Dengan kata lain, praktekkan lima (5) S senyum, sapa, salam, sopan, dan
santun. Insya Allah interaksi kita kepada siapapun akan jauh lebih
bermakna jikalau wajah kita senantiasa diliputi senyuman, sapa penuh
kelembutan, dan akhlak yang penuh kerendahan hati akan memikat setiap
orang yang kita jumpai. Alangkah indahnya wajah yang jernih, ceria,
senyum yang tulus dan ikhlas, membahagiakan siapapun.

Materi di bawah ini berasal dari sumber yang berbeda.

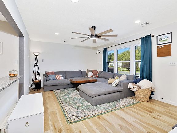 Welcome to your new home on Dallas! This home features an open-concept layout — a rare find for its age. The living room and kitchen flow together beautifully with luxury vinyl flooring, granite countertops, and stainless steel appliances. Two bedrooms and a full hall bath sit just off the main living area. Through the kitchen, you’ll find a spacious laundry room with great cabinet storage and direct access to the oversized garage. The master suite sits at the back of the home, filled with natural light, and includes a remodeled bathroom and large walk-in closet. Step outside and you’ll love the three outdoor spaces designed for entertaining — two patios plus a cozy firepit area, perfect for those crisp fall nights!
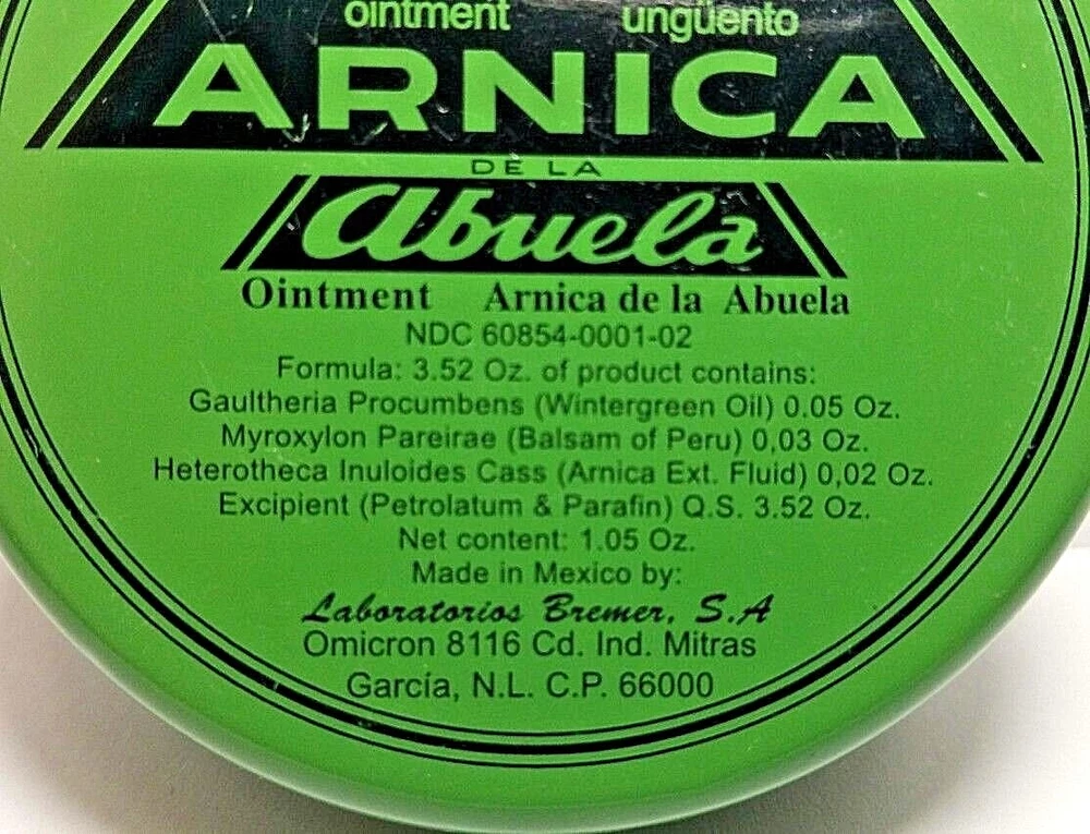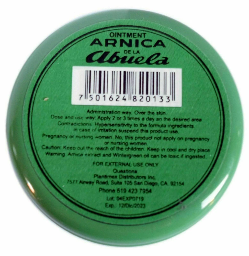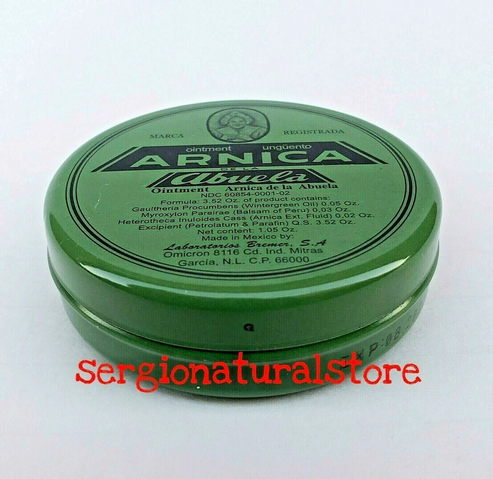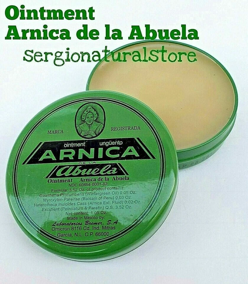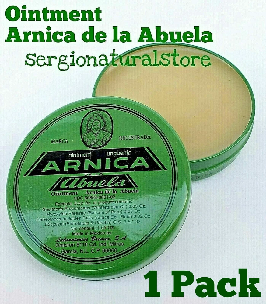 5 Packs Arnica de la Abuela Ointment 30 grs each Made in Mexico A tried and true herbal remedy used widely in Mexico and Latin America. Application: External Suggested Use: Apply to affected area two to three times a day. Disclaimer: Not for internal use. 100% Original Product Thank you for your support and preference, I invite you to see my other sales items. Buy with confidence !!You shipments is 100% Guaranteed!! 5 Packs Arnica de la Abuela Ungüento 30 grs c/u Hecho en Mexico. Un remedio herbal probado y verdadero usado ampliamente en México y América Latina. Aplicación: Externa Uso sugerido: aplicar en el área afectada dos o tres veces al día. Descargo de responsabilidad: No es para uso interno. Producto 100% Original Muchas Gracias por su apoyo y preferencia, lo invito a mirar mis otros artículos de venta. Compre con confianza !!Su envío es 100% Garantizado!!

Betapa nyamannya suasana saat salam hangat ditebar, saling mendo’akan,
menyapa dengan ramah, lembut dan penuh perhatian. Alangkah agungnya
pribadi kita, jika penampilan kita selalu sopan dengan siapapun dan
dalam kondisi bagaimanapun. Betapa nikmatnya dipandang, jika pribadi
kita santun, mau mendahulukan orang lain, rela mengalah dan memberikan
haknya, lapang dada, pemaaf yang tulus, dan ingin membalas keburukan
dengan kebaikan serta kemuliayaan.
Sebagaimana firman Allah :
وَ لَنَبْلُوَنَّكُمْ بِشَيْءٍ مِّنَ الْخَوْفِ وَ الْجُوْعِ وَ نَقْصٍ
مِّنَ الْأَمَوَالِ وَ الْأنْفُسِ وَ الثَّمَرَاتِ وَ بَشِّرِ
الصَّابِرِيْنَ
اَلَّذِيْنَ إِذَا أَصَابَتْهُمْ مُّصِيْبَةٌ قَالُوْا إِنَّا ِللهِ وَ إِنَّا إِلَيْهِ رَاجِعُوْنَ
أُولَئِكَ عَلَيْهِمْ صَلَوَاتٌ مِّنْ رَّبِّهِمْ وَ رَحْمَةٌ وَ أُولَئِكَ هُمُ الْمُهْتَدُوْنَ
"Dan sungguh akan Kami Berikan Cobaan kepadamu, dengan sedikit
ketakutan, kelaparan, kekurangan harta, jiwa, dan buah-buahan. Dan
berikanlah berita yang gembira kepada orang-orang yang sabar. (yaitu)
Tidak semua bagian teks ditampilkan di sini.